The authoritative list is in TODO.md. Summary:
- MSRC — was 404'ing all requests because of an endpoint/format
mismatch (numeric month vs three-letter abbreviation,
/updates/{id}vs/cvrf/{id}). Now yields ~21K advisories. - Red Hat vendor advisories — endpoint had moved; old URL returned 404. Now yields ~43K advisories.
- Ubuntu Security Notices — fix applied (correct API params) but Ubuntu's CDN intermittently returns HTTP 504, which currently aborts the run rather than retrying. ~320 advisories captured per attempt. Fix needed: retry-with-backoff on 504, similar to arxiv's 429 handling.
- arXiv full-text — has polite User-Agent and exponential backoff, but bursts of failed requests still get the IP throttled for hours. Practical workaround: run from a different IP. Only 16 papers captured in the v1.0 run; expected yield with a fresh IP is ~15-25K.
- CTFtime — CSS selectors no longer match the site structure. Returns 0 documents. Estimated yield if fixed: ~40,000 docs.
- HackerOne — public API tightened in 2023-2024; bulk anonymous queries now return empty. Requires authenticated access.
- OSV — current scraper uses wrong API approach. Should switch to
the bulk download bucket at
osv-vulnerabilities.storage.googleapis.com. Low priority due to high overlap with NVD/GHSA. - Project Zero issues — Google migrated their tracker to
issues.chromium.org. The P0 blog (
--p0) is unaffected. - Chromium issue tracker — same migration as P0 issues.
All MITRE sources (ATT&CK, CAPEC, D3FEND, CWE), NVD, GitHub Advisories (with token), Stack Exchange dumps, all Git-based sources (YARA, Sigma, Atomic Red Team, kernel, etc.), OWASP repositories, Red Hat, MSRC, ExploitDB.
Each broken source has a documented fix path in TODO.md. If you'd like to contribute, those are good first issues. Open an issue mentioning which item you're tackling to avoid duplicate work.
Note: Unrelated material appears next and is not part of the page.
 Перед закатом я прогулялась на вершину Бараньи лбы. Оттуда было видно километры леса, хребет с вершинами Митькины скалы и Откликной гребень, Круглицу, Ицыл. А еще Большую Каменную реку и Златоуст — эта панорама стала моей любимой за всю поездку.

If you have limited disk space or want a smaller initial dataset:
- Skip
--gh-repos-deep— 10,000 repos, peak ~25GB disk during scrape, ~5 days runtime. Without this, the dataset shrinks from 4M docs to ~600K but consists entirely of structured high-signal sources. - Skip
--kernel— 39K commits, ~4GB clone, ~12 minutes after the fix for the double-path bug, but still a substantial download. - Skip
--se-dumpsforstackoverflow— 80GB additional download. The other Stack Exchange sites (security, RE, crypto) are much smaller and more relevant.
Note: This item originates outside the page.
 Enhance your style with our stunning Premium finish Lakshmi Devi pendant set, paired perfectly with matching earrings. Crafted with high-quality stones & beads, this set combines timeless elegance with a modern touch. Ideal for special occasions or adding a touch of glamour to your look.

Disable sources in config.yaml rather than removing scraper code.
Code: MIT — see LICENSE.
Collected data: Each source has its own license. Most importantly, Stack Exchange content is CC BY-SA 4.0, which has share-alike implications for any dataset you publish. Read LICENSING_NOTES.md before redistributing collected data or releasing a derivative dataset.
The scrapers tag every Stack Exchange document with
"license": "CC-BY-SA-4.0" so attribution metadata is preserved through
the conversion pipeline. The full secdata-raw release uses CC BY-SA 4.0
overall to satisfy this requirement.
- v1.0.0 — Initial public release of the scraper (143 source flags across ~192 sources). The first complete run produced secdata-raw v1.0 (4,051,139 documents on Hugging Face).
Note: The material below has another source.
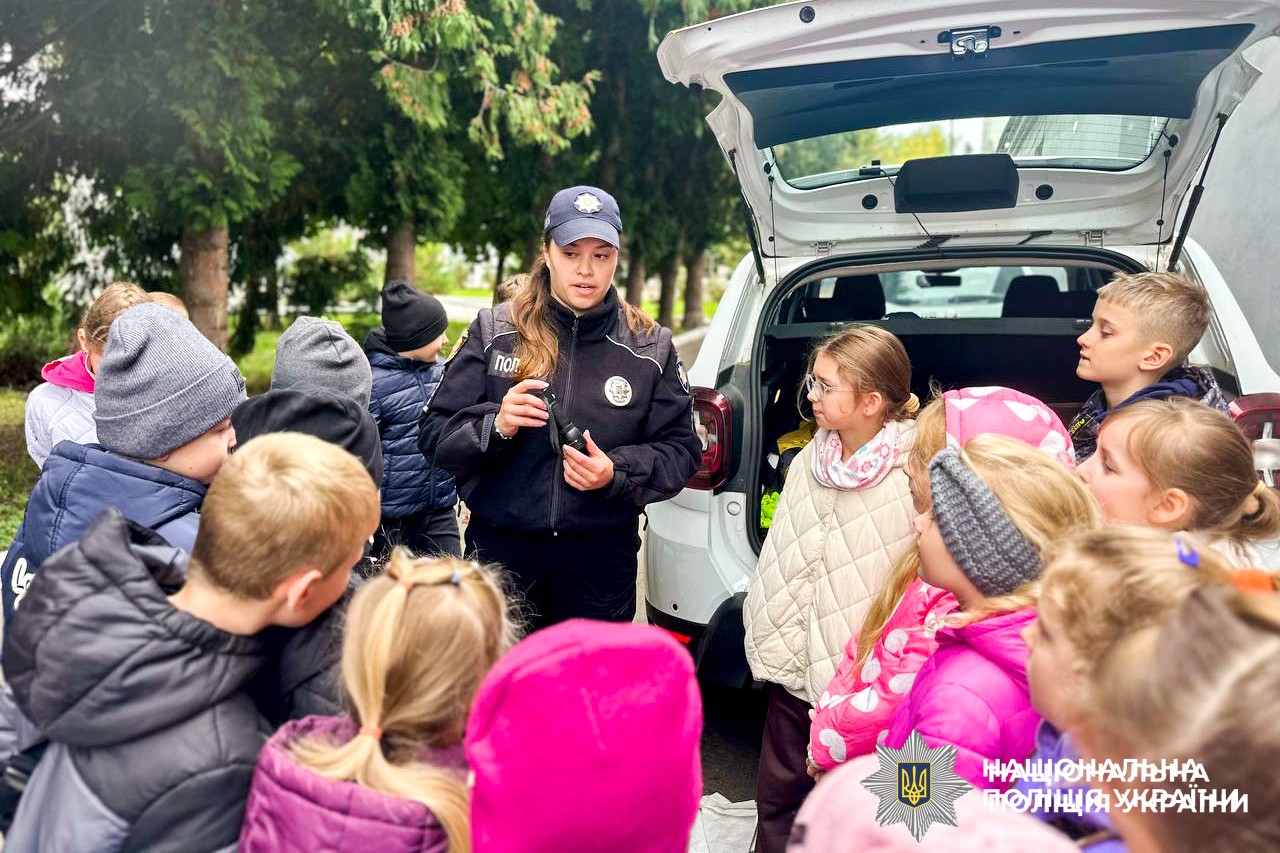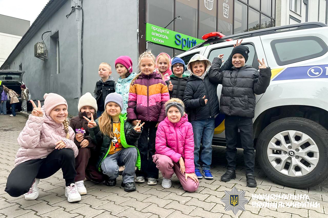 Кульмінацією заходу стало знайомство з поліцейськими авто. Діти з радістю роздивлялися транспорт, натискали на сирени й робили селфі за кермом.

- See CHANGELOG.md for details.
- secdata-raw — the 4M-document raw corpus produced by this scraper, on Hugging Face
- secdata-pipeline — the LLM-based conversion pipeline that turns raw documents into instruction-tuning examples, with a three-layer safety architecture
PRs welcome, especially for:
- The broken sources documented in TODO.md (Ubuntu 504 retry, OSV bulk download, CTFtime selectors, HackerOne authenticated access)
- Additional scrapers for sources not yet covered
- Bug fixes and rate-limit tuning for existing sources
- Documentation improvements
For bug reports or methodology questions, open an issue.